CVE-2024-37370: MIT Kerberos 5 Information Disclosure Flaw

CVE-2024-37370 is an information disclosure vulnerability in MIT Kerberos 5 where attackers can modify GSS krb5 wrap tokens, causing truncated data. This article covers technical details, affected versions, and mitigations.

Published: January 28, 2026

CVE-2024-37370 Overview

CVE-2024-37370 is a vulnerability in MIT Kerberos 5 (krb5) before version 1.21.3 that allows an attacker to modify the plaintext Extra Count field of a confidential GSS krb5 wrap token. When exploited, this causes the unwrapped token to appear truncated to the application, potentially leading to information disclosure or authentication bypass scenarios.

Critical Impact

Attackers can manipulate GSS-API wrap tokens to cause token truncation, potentially exposing sensitive authentication data or disrupting Kerberos-based authentication flows in enterprise environments.

Affected Products

  • MIT Kerberos 5 (krb5) versions prior to 1.21.3
  • Systems and applications utilizing GSS-API with MIT Kerberos for authentication
  • Enterprise authentication infrastructure relying on krb5 wrap tokens

Discovery Timeline

  • 2024-06-28 - CVE-2024-37370 published to NVD
  • 2025-03-13 - Last updated in NVD database

Technical Details for CVE-2024-37370

Vulnerability Analysis

This vulnerability exists in the GSS-API implementation within MIT Kerberos 5, specifically in how confidential wrap tokens are processed. The issue stems from insufficient verification of integrity (CWE-345) when handling the Extra Count field in GSS krb5 wrap tokens.

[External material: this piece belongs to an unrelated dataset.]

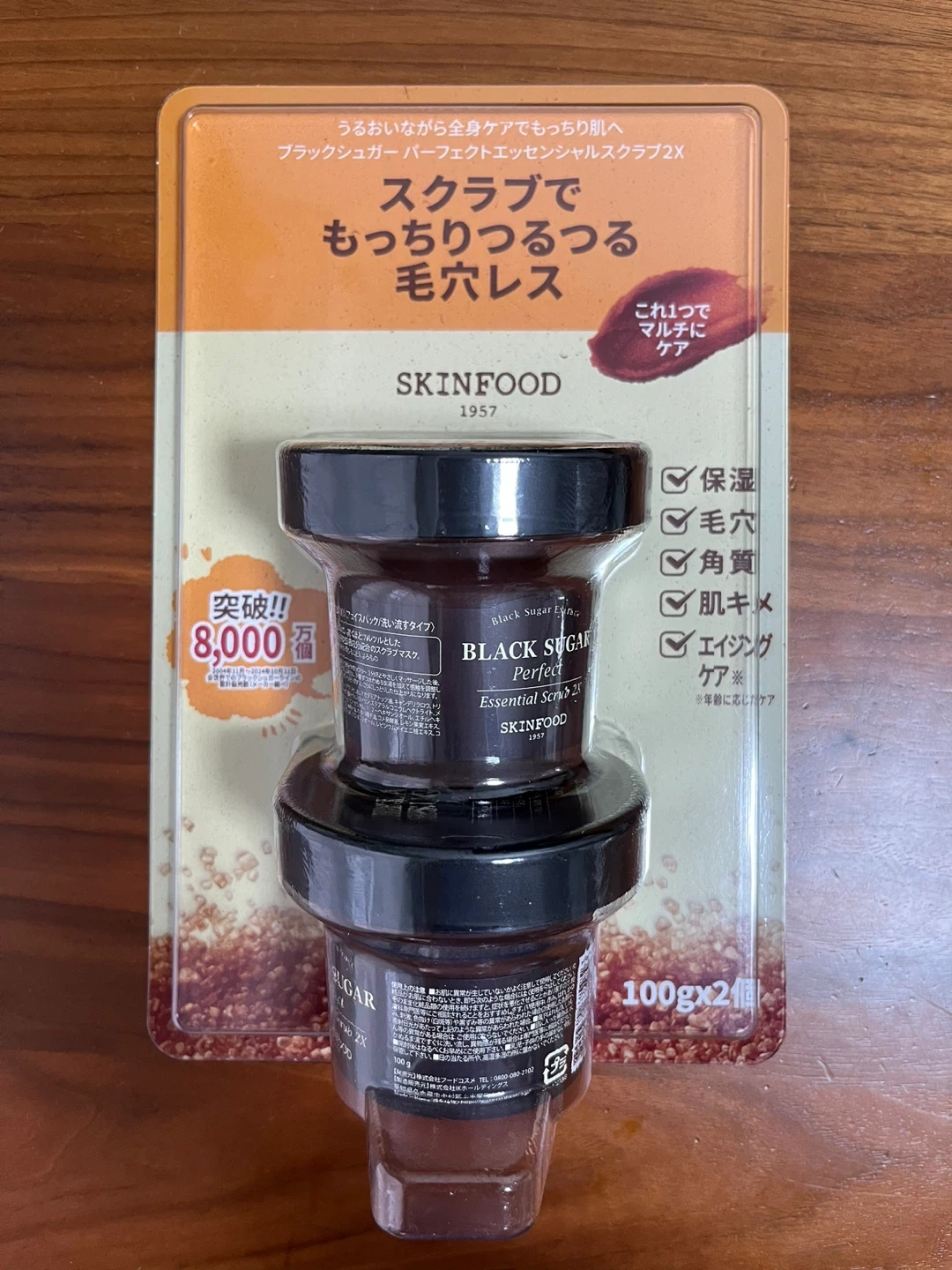 スキンフードのブラックシュガースクラブ2Xです。 【情報】 ブランド:スキンフード 商品名:ブラックシュガー パーフェクト エッセンシャル スクラブ 2X 内容量:100g×2個 【状態】 新品未開封

When a GSS wrap token is created with confidentiality protection, it includes an Extra Count field that is transmitted in plaintext alongside the encrypted payload. The vulnerability allows an attacker with network access to modify this plaintext field without detection. When the receiving application unwraps the token, it uses the manipulated Extra Count value, causing the resulting plaintext message to appear shorter than intended.

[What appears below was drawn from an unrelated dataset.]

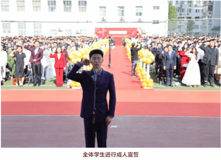 高三学子盛装打扮,在老师和家长的共同见证下,神情庄重地跨过“成人门”,他们从学校领导手中接过《中华人民共和国宪法》读本,佩戴成人纪念章,在成人门前合影留念。成人门两端,连接着过往与未来,跨过成人门,寓意着青年学子告别稚嫩与懵懂,走向成熟与坚定,步入学业与生活的崭新起点。

This truncation can have significant security implications depending on how the application processes the unwrapped data. Applications may interpret truncated messages incorrectly, potentially leading to information disclosure if partial data is processed or authentication state confusion.

Root Cause

The root cause is insufficient integrity verification of plaintext metadata fields within GSS krb5 wrap tokens. The Extra Count field, which indicates additional padding or data length information, is not adequately protected against modification by the cryptographic integrity mechanisms applied to the token. This allows an attacker to tamper with the field while the token traverses the network, without invalidating the token's authentication or encryption protections.

Attack Vector

The attack can be performed remotely by an attacker positioned on the network path between Kerberos clients and services. The attacker intercepts GSS krb5 wrap tokens in transit and modifies the plaintext Extra Count field. Since this field is not cryptographically bound to the protected portion of the token, the modification goes undetected. When the receiving party unwraps the token, the manipulated count value causes improper processing of the message boundaries.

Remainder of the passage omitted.